Provided data:
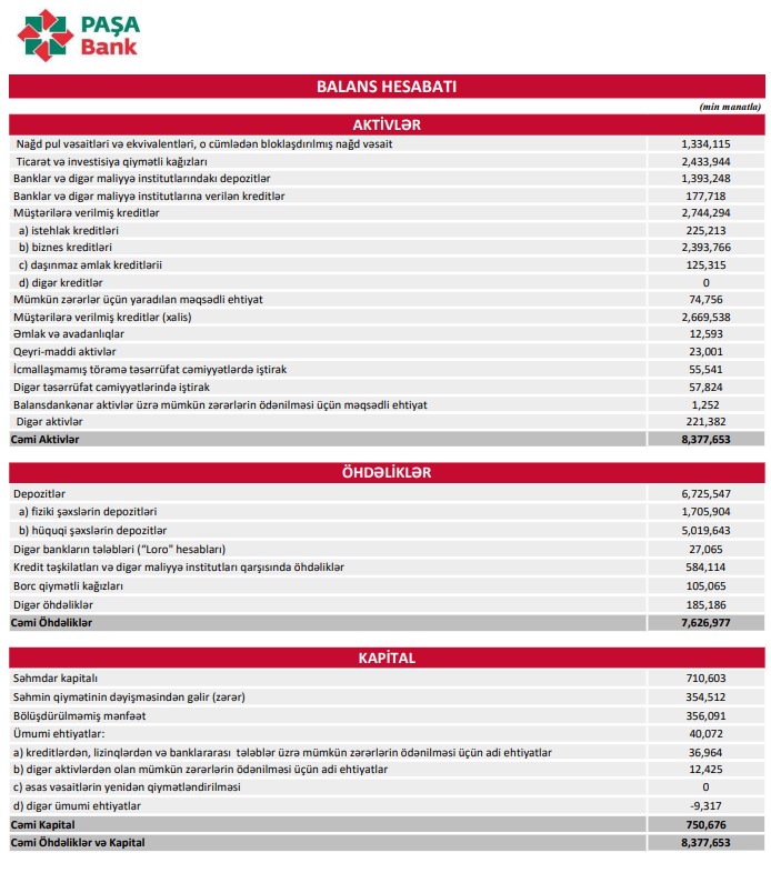 "PAŞA Bank" əməliyyat mənfəəti 31,8% artaraq 123 milyon 532 min manat olub.
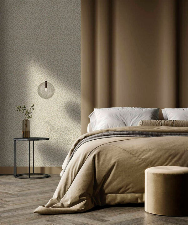 Een overal getextureerde wandbekleding, verrijkt met metalen luipaardvlekken die over een verhoogde acrylbasis vallen. De combinatie van glinsterend patroon en tastbare diepte creëert een gedurfde maar elegante, eigentijdse statementmuur.
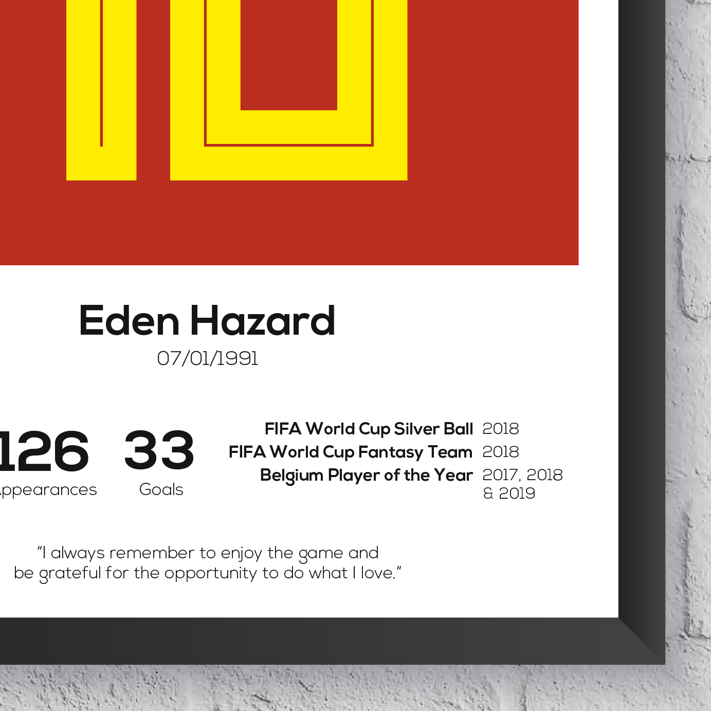 Eden Hazard Belgium career print. Remember the amazing international career of Belgian legend, playmaker and number 10, Eden Hazard. Hazard for his country during their 'golden era' amongst their most talented crop of players in history. This print is inspired by the famous red home shirt.
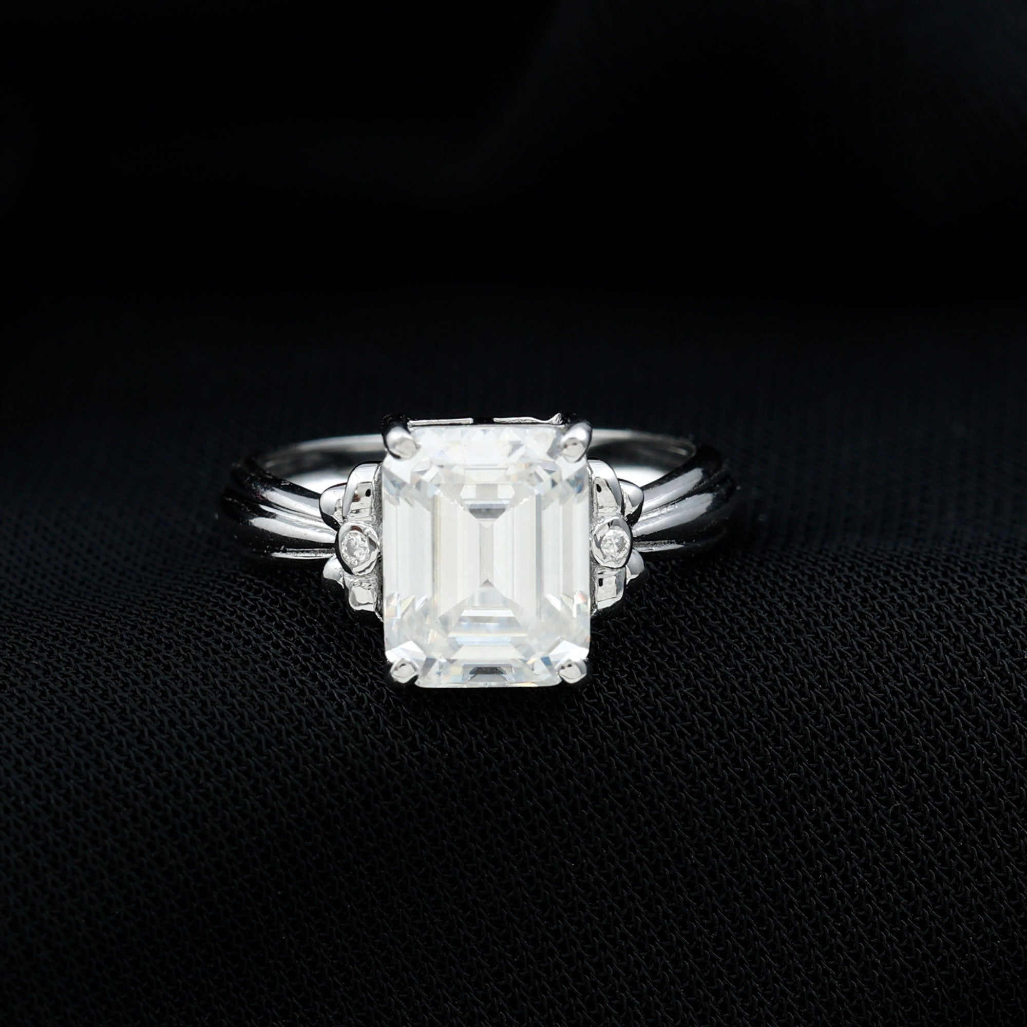 Certified Emerald Cut Moissanite Huge Engagement Ring
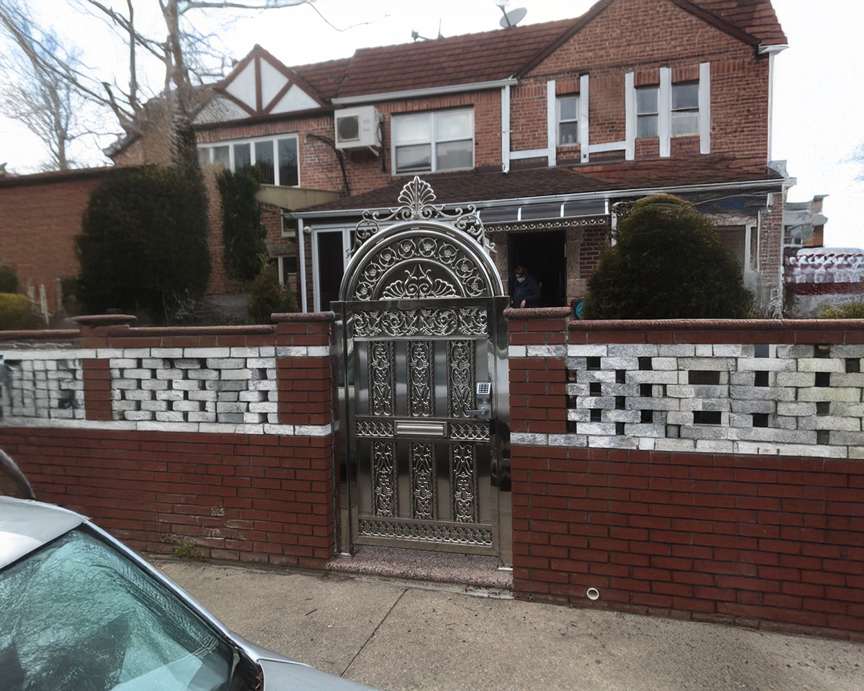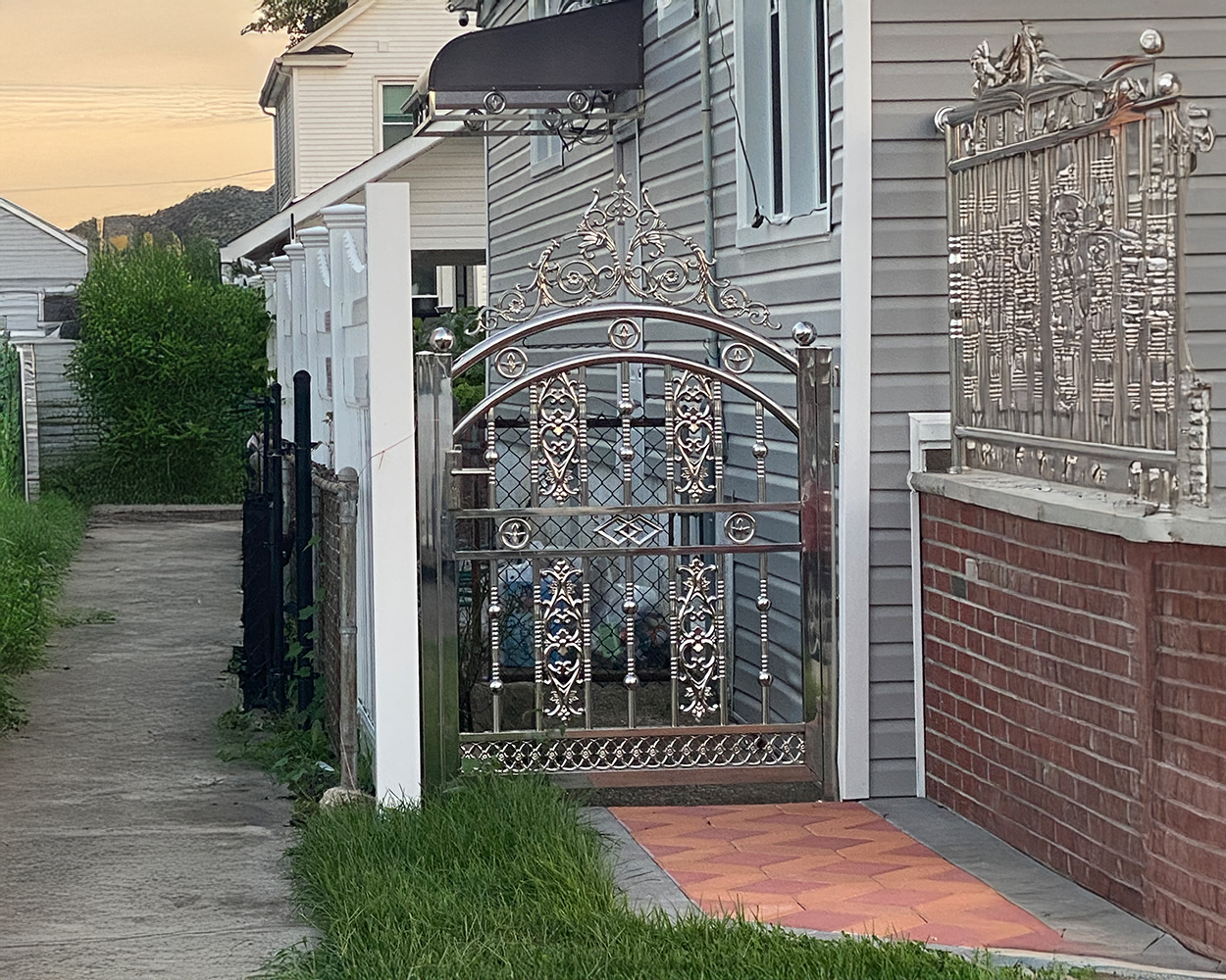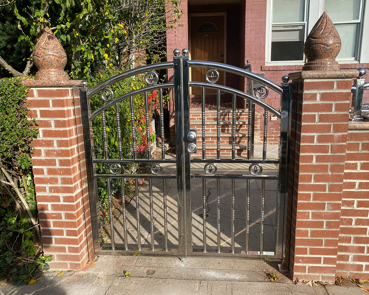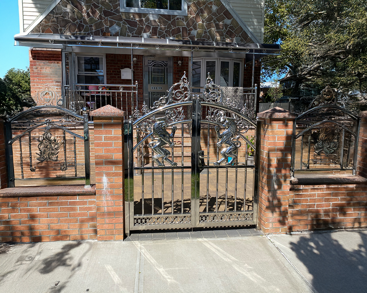 This NYC-area residential project focused on upgrading the front and side entry with a coordinated stainless steel gate-and-fence set that looks clean from the street while improving daily access control. After confirming the opening sizes, post conditions, and slope at the sidewalk, we finalized a design that matched the existing brick/stone piers and kept the lines consistent across multiple sections. The system was fabricated in stainless steel with polished framing and decorative details; for any non-original stainless finishes seen on-site (including darker textured panels and certain accent elements), we used powder coated components to ensure a uniform appearance and better surface durability. Installation included anchoring to masonry/piers, aligning hinges and latches for smooth swing, adjusting clearances for seasonal movement, and verifying lockset function and closing feel. Final checks covered panel spacing, fastener security, and a full cleanup so the entryway looked finished and balanced from every angle.

Assignment:
Once the line with "Eden Hazard Belgium" has been found above, output that line and every later line exactly, stopping after the line with "Certified Emerald Cut", and omit the pictures.

Result for this task:
 Eden Hazard Belgium career print. Remember the amazing international career of Belgian legend, playmaker and number 10, Eden Hazard. Hazard for his country during their 'golden era' amongst their most talented crop of players in history. This print is inspired by the famous red home shirt.
 Certified Emerald Cut Moissanite Huge Engagement Ring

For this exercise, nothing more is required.